## [Data section]

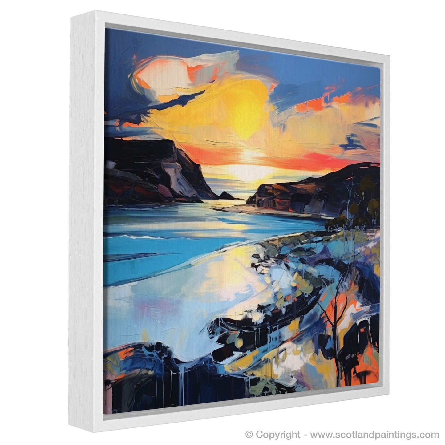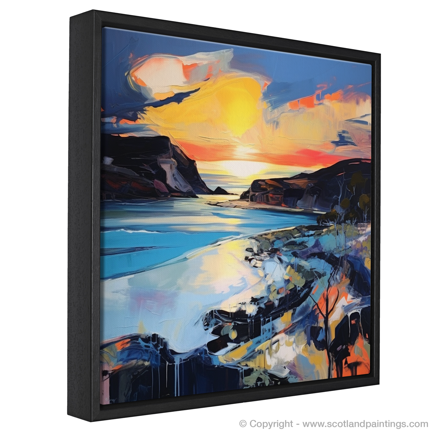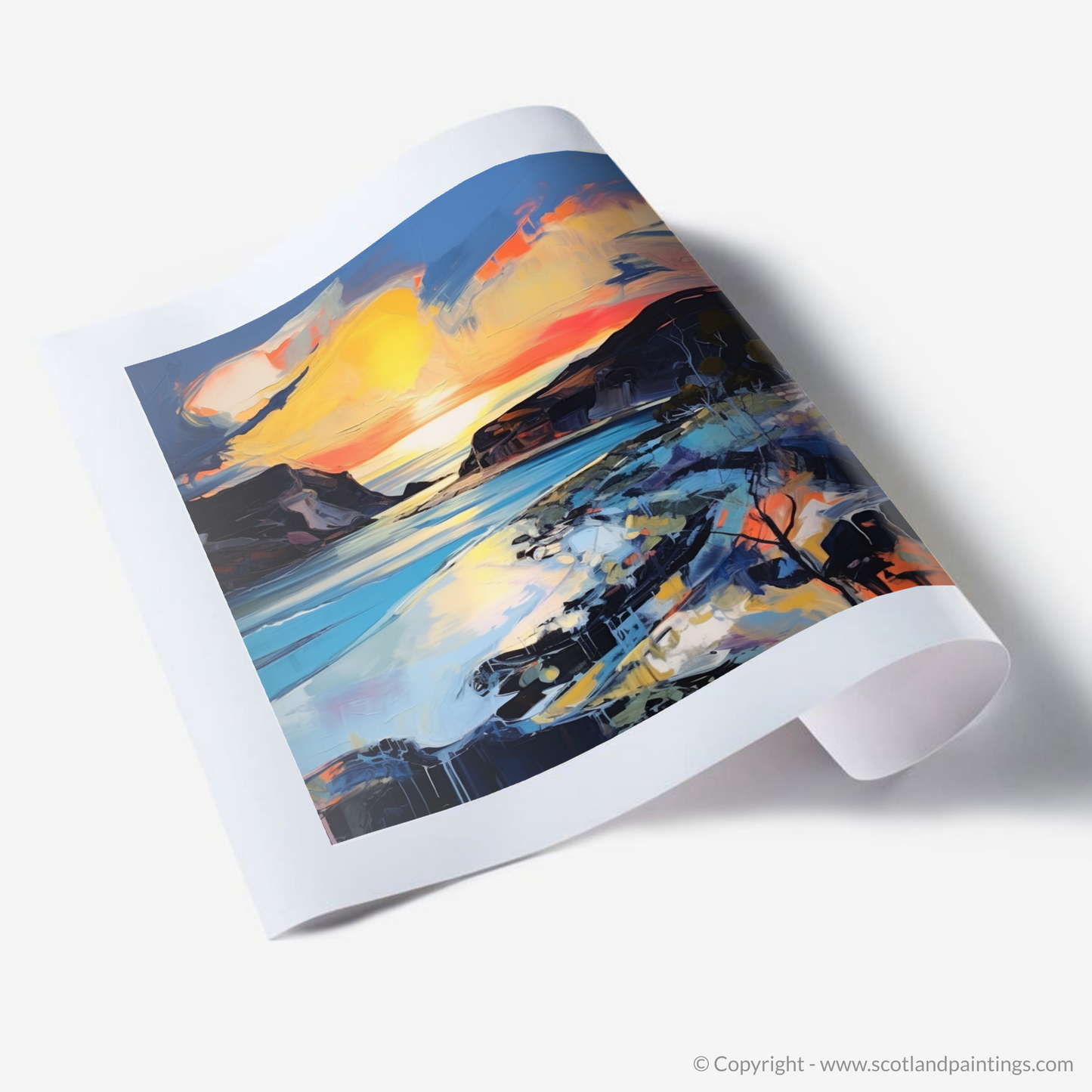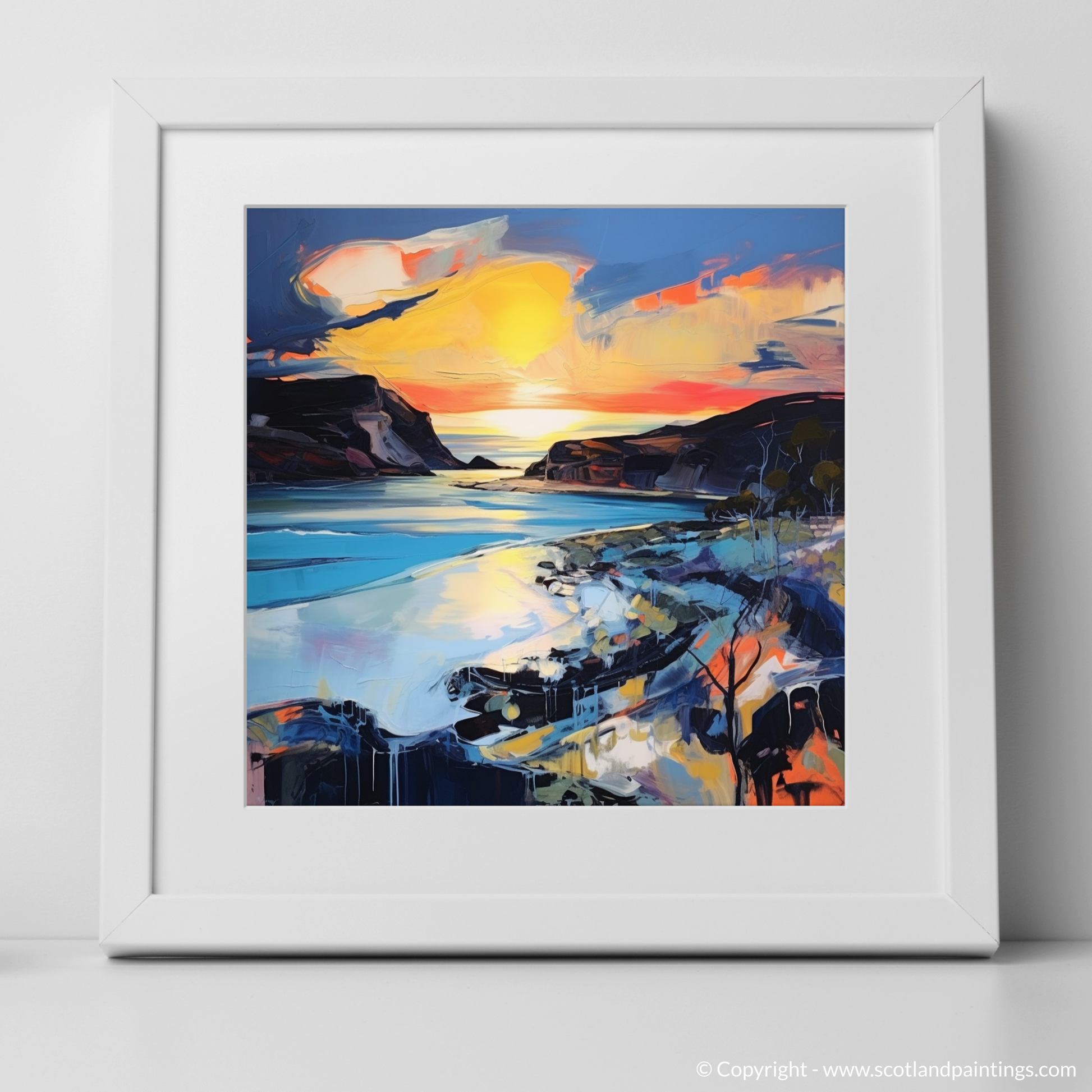 This print is more than a picturesque rendering; it's a sensory journey that entices viewers to lose themselves in the visceral energy of expressionism, while paying homage to the natural beauty of the Scottish shores. It offers a stirring, imaginative escape to one of the most enchanting times of day, in a place where sea and sky converge in a symphony of colour.
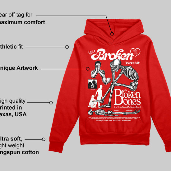 Bred Velvet 11s DopeSkill Red Hoodie Sweatshirt Broken Bones Graphic
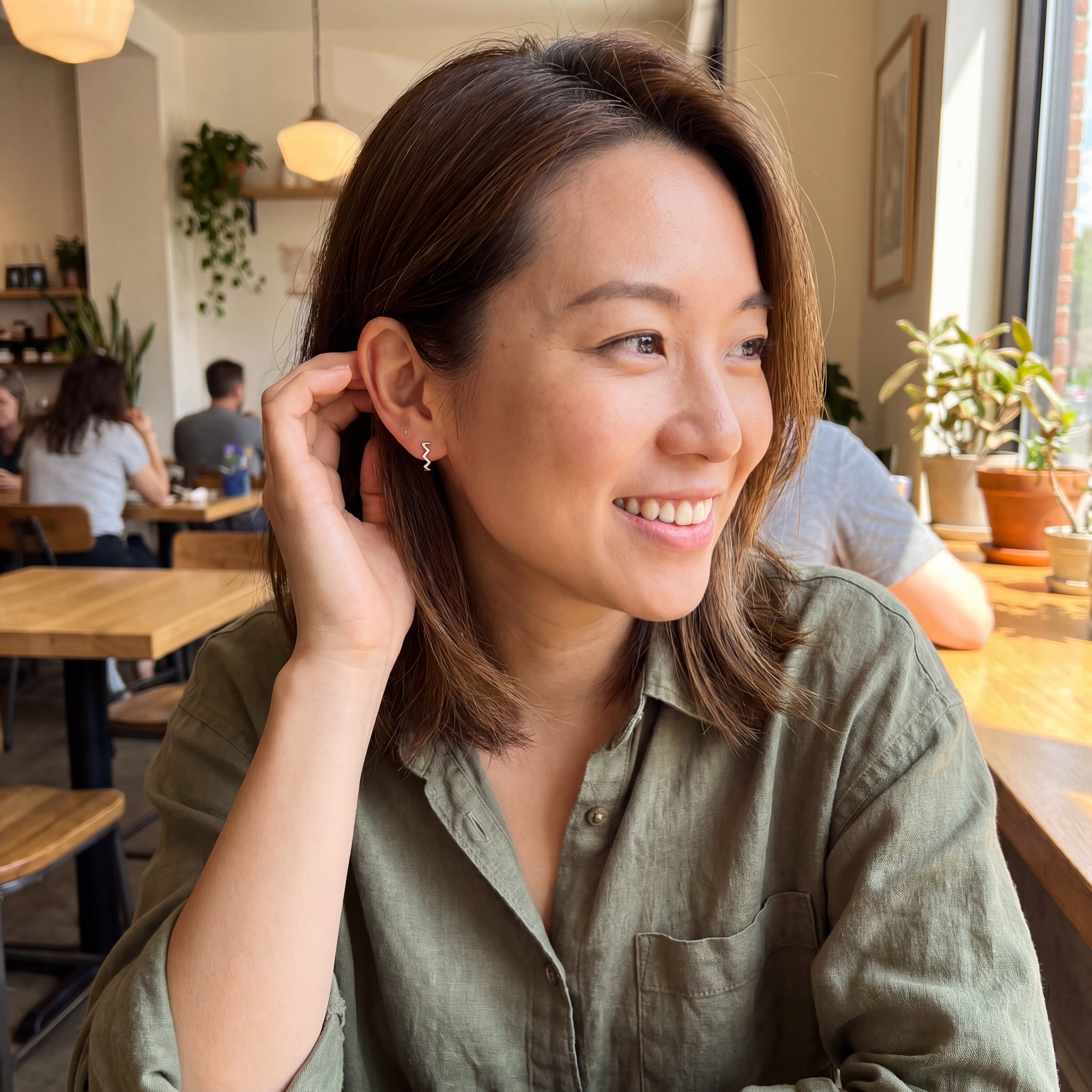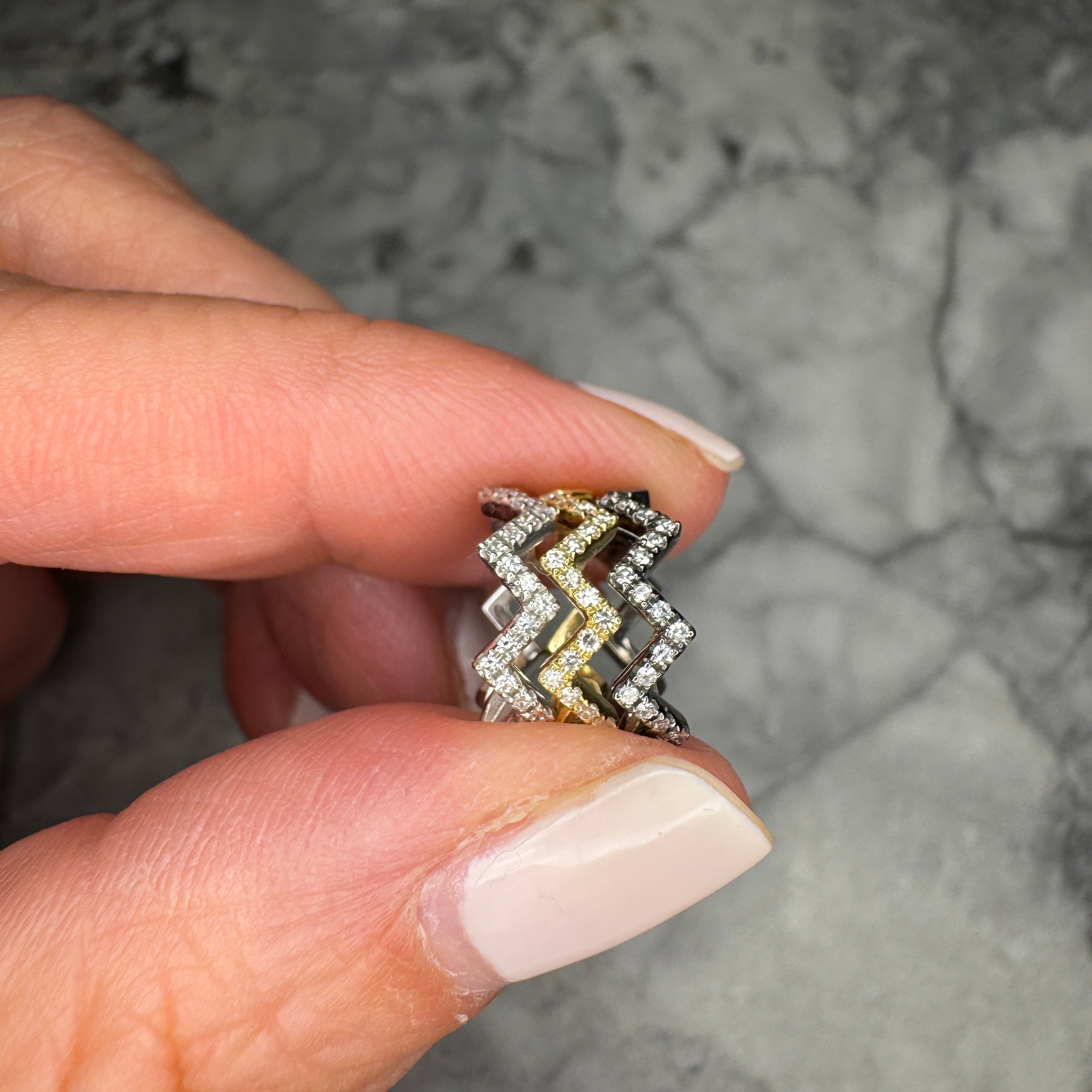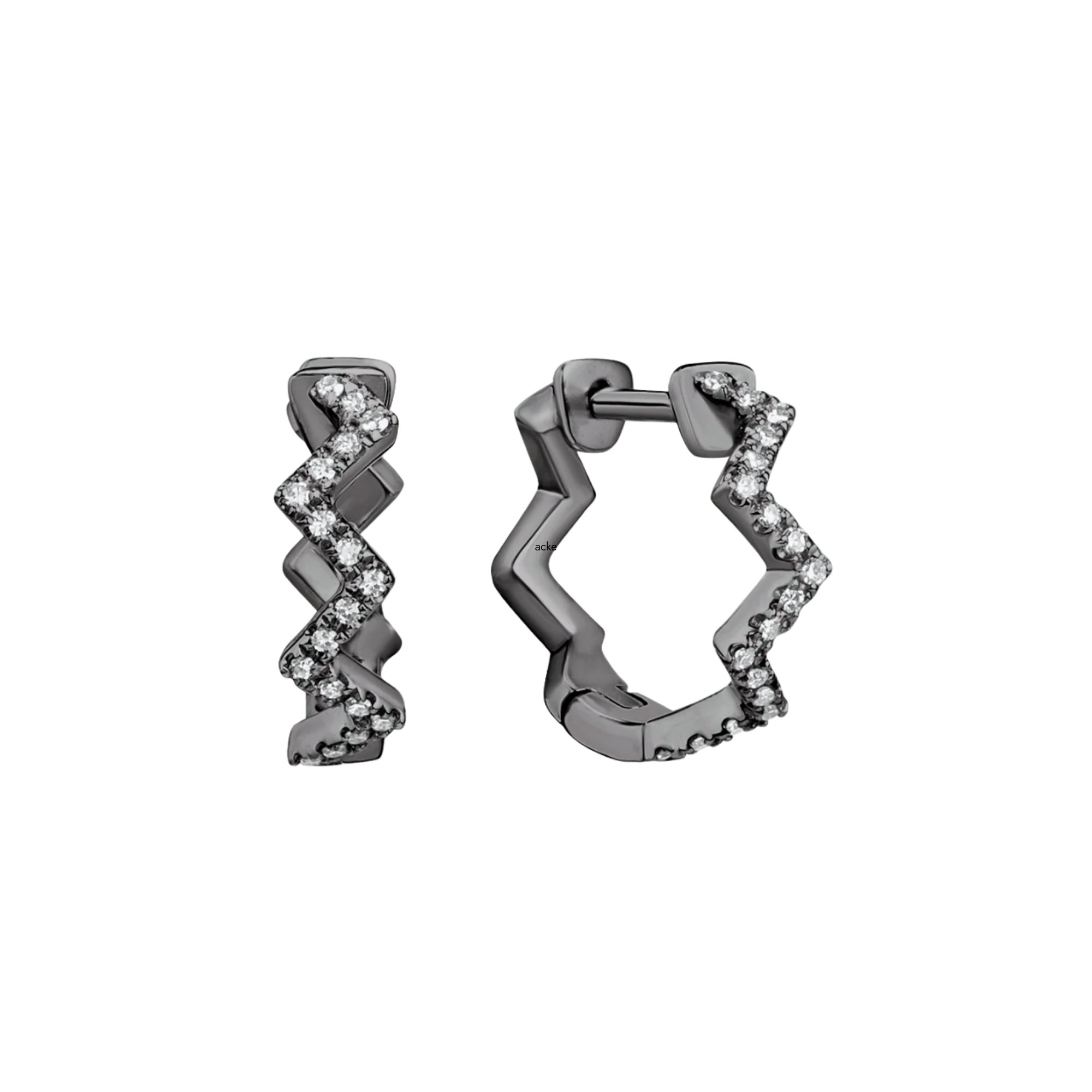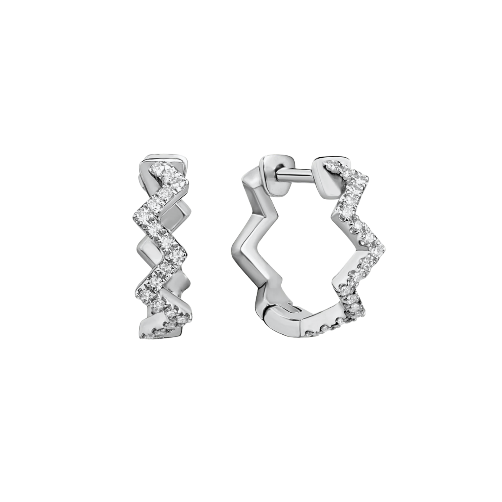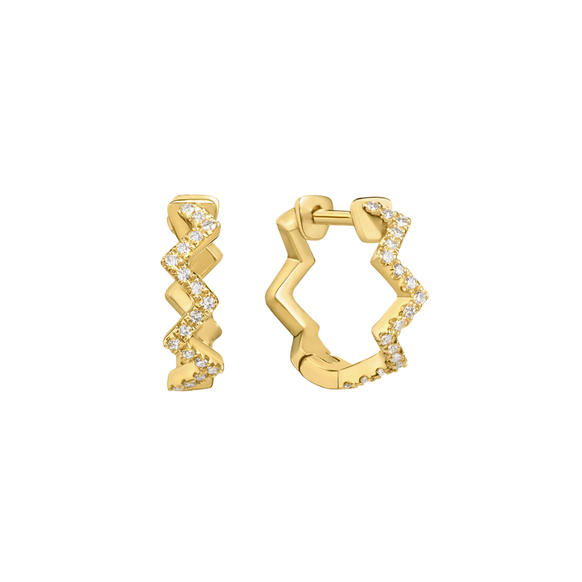 Designed to "hug" your earlobe, our Stacker Huggies give you the elegance of bright diamonds shining in the light in an everyday style. These small hoops effortlessly transition from day as a casual go-to into evening as a statement. The pair are pavé set with ~0.12 ctw of natural diamonds in 14k gold in a zig zag fashion. The hoop measures 12mm in diameter and has a hinge to clasp shut.

## [To do]
Images are to be left out; everything else in the material must be written out exactly.

## [Task response]
 This print is more than a picturesque rendering; it's a sensory journey that entices viewers to lose themselves in the visceral energy of expressionism, while paying homage to the natural beauty of the Scottish shores. It offers a stirring, imaginative escape to one of the most enchanting times of day, in a place where sea and sky converge in a symphony of colour.
 Bred Velvet 11s DopeSkill Red Hoodie Sweatshirt Broken Bones Graphic
 Designed to "hug" your earlobe, our Stacker Huggies give you the elegance of bright diamonds shining in the light in an everyday style. These small hoops effortlessly transition from day as a casual go-to into evening as a statement. The pair are pavé set with ~0.12 ctw of natural diamonds in 14k gold in a zig zag fashion. The hoop measures 12mm in diameter and has a hinge to clasp shut.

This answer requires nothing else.